Они связывали гранаты, делали подкоп под рельсы, радовались. Увлекшись своим занятием, они забыли о Гавриле. Мальчик ужом ускользнул со стоянки. Осторожно, затаив дыхание, крался он, пока до него доносились голоса. Потом ринулся бегом. Ветки кустарника хлестали его по лицу. Он спотыкался, задыхался, но мчался все вперед, вперед, пока не добежал до первой деревни и первого поста.
Небольшой отряд шел за ним. Он боялся заблудиться, но красноармейцы сами вывели его на железную дорогу. Он шел впереди. Наконец, он свободен! Позади скрипели сапоги идущих за ним. Теперь он покажет тем! Поезда взрывать! Ладно! Теперь они узнают…
Ночь уже бледнела, когда они дошли. Раздался внезапный окрик:
- Руки вверх!
Генек обернулся, словно в него пуля угодила. Отряд неожиданно появился из кустов. И глаза Генека прежде всего увидели Гаврилу. Грянул выстрел, и мальчик, не дрогнув, повалился лицом в траву. Защелкали выстрелы, в предрассветной мгле замелькали фигуры людей. Разгорелась ожесточенная, быстрая перестрелка и так же быстро затихла. Командир наклонился над убитыми.
- Вот…
Хожиняк не понимал, как случилось, что он ушел живым. Но все же ушел. Прыжок с насыпи в кусты, - они его не заметили. А там, там уж нечего было делать: все пропало. Ему казалось, что, кроме него, кто-то еще успел соскочить с насыпи на другую сторону. Но сейчас ему было не до поисков.
Он притаился в кустах и пролежал так часов пятнадцать. Потом двинулся в путь. Не к литовской границе, которая была тут же, рядом. Нет, обратно домой! Его место там, в Ольшинах. Там ведь Гончар. И вдобавок ко всему теперь надо отомстить за людей, которые мертвыми глазами глядят в небо, лежа у железнодорожной насыпи.
Глава VI
Ребятишки с самого утра бегали от хаты к хате.
- Собрание! Все на собрание!
- Не знаете, что там опять?
- Наверно, о конституции, - серьезно отвечал Семка. Крестьяне кивали головами.

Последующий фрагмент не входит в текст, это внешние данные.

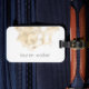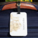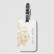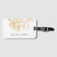 Gepäckanhänger mit einem personalisierten Monogramm in einem eleganten Schriftart gepaart mit einer goldenen Muschelillustrierung.
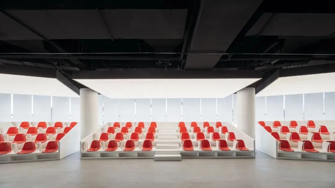 红点设计学院为业内设计师提供培训及交流的场地,不定期举办课程、论坛等活动。为了适应丰富的使用场景需求,设计了灵活的多功能剧场式看台,座位与旋转桌板均可拆卸。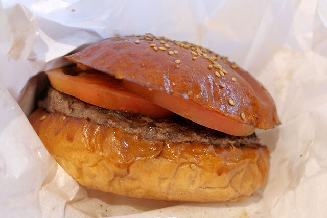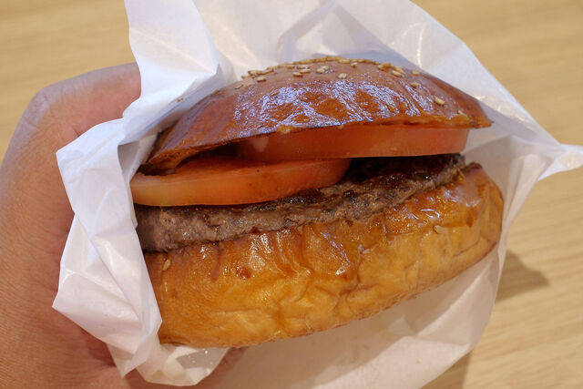 パティとトマトだけのシンプルバーガー。これも絶品。

Медленно сходились они в усадьбу, где теперь происходили все собрания. Паручиха уселась в первом ряду.
- О чем говорить-то будут?
- О конституции, - сказал кто-то.
- Видишь, правильно Семка говорил, о конституции, - обрадовалась Паручиха.

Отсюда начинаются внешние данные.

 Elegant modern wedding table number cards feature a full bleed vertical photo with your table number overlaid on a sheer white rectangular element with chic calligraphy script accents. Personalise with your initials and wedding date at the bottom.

Вошел Овсеенко и с ним кто-то незнакомый. Все подняли головы, с любопытством рассматривая приезжего.
- Молоденький.
- Агитатор. Из Луцка приехал.
- Ишь ты, из самого Луцка!
- Ничего не скажешь, не забывают об Ольшинах, - заметила Паручиха и оглянулась, словно ожидая, что ей будут возражать.
Молодой человек сел за стол рядом с Овсеенко. Он оглядывал собравшихся, непрестанно поправляя прядку волос на лбу. Овсеенко порылся в лежащих перед ним бумагах, потом встал, щелчком сбил на затылок кепку и окинул взглядом переполненный зал.

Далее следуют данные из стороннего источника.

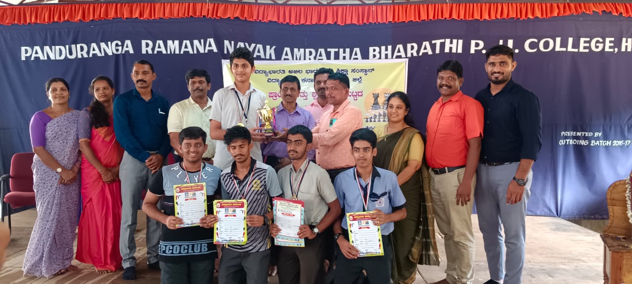 ಪುತ್ತೂರು : ಉಡುಪಿಯ ಹೆಬ್ರಿಯಲ್ಲಿ ನಡೆದ ವಿದ್ಯಾ ಭಾರತಿ ಪ್ರಾಂತ ಹಾಗು ಕ್ಷೇತ್ರ ಮಟ್ಟದ ಚೆಸ್ ಪಂದ್ಯಾಟದಲ್ಲಿ ರಾಜ್ಯ ತಂಡವನ್ನು ಪ್ರತಿನಿಧಿಸಿದ ವಿವೇಕಾನಂದ ಪದವಿಪೂರ್ವ ಕಾಲೇಜಿನ ಪ್ರಥಮ ಪಿಯುಸಿ ವಿಜ್ಞಾನ ವಿಭಾಗದ ಕೈಝೆನ್ ಎಸ್ (ಬಂಟ್ವಾಳದ ದೇವಸ್ಯ ಸೂರ್ಯನಾರಾಯಣ ಎನ್ ಕೆ ಮತ್ತು ಸುಮನ ಎಸ್ ಎನ್ ದಂಪತಿ ಪುತ್ರ) ಹಾಗೂ ದ್ವಿತೀಯ ಪಿಯುಸಿ ವಿಜ್ಞಾನ ವಿಭಾಗದ ಋತ್ವಿಕ್ ಸಾಯಿ ಗಣೇಶ್(ಕುಂದಾಪುರದ ತಾಲೂಕಿನ ಸಿದ್ದಾಪುರದ ಜನಾರ್ಧನ ಎಂ.ಆರ್ ಮತ್ತು ಜ್ಯೋತಿ ಕೆ.ಸಿ ದಂಪತಿ ಪುತ್ರ) ಪ್ರಥಮ ಸ್ಥಾನ ಪಡೆದು ರಾಷ್ಟ್ರ ಮಟ್ಟಕ್ಕೆ ಆಯ್ಕೆ ಆಗಿರುತ್ತಾರೆ.

- Товарищи, как вам известно, мы готовимся к выборам в Национальное собрание.
- Пока еще вроде не было известно, - заметил кто-то из рядов.
- Вот я вам об этом и сообщаю. Предоставляю слово товарищу Степанко, который специально приехал, чтобы прочесть доклад о выборах.
Степанко встал из-за стола, и все стали поудобнее усаживаться на своих местах, откашливаться, сморкаться, чтобы потом внимательнее выслушать доклад, который, судя по выражению лица Овсеенко, обещал быть длинным.
- Товарищи, - высоким голосом начал агитатор. - Мы стоим накануне выборов. Вы впервые в жизни примете участие в выборах…
Семен предостерегающе кашлянул, но тот не обратил на него внимания.
- Впервые в жизни к избирательным урнам пойдут женщины… А то вас тут в школы не принимали, не по своей воле, как рабынь, отдавали замуж…
Бабы беспокойно зашевелились.
- Это не здесь, - остановил его Овсеенко. Агитатор махнул рукой.
- Все равно. А ты не перебивай…
Совюк поднялся со скамьи.
- Как же это - все равно?.. Что было, то было, но надо же…
Степанко покраснел.
- А вы меня, товарищ, не учите. Знаю я капиталистические штучки! Всюду было одно и то же! Нужно быть сознательным человеком, понимать, до чего доходят капиталистическая эксплуатация и предрассудки, при помощи которых буржуазия старалась держать в темноте трудовой народ.
- Что и говорить! - охотно согласилась Паручиха.
- Вот именно, - обрадовался оратор. - Так что я говорил относительно выборов? Впервые в жизни пойдут голосовать женщины…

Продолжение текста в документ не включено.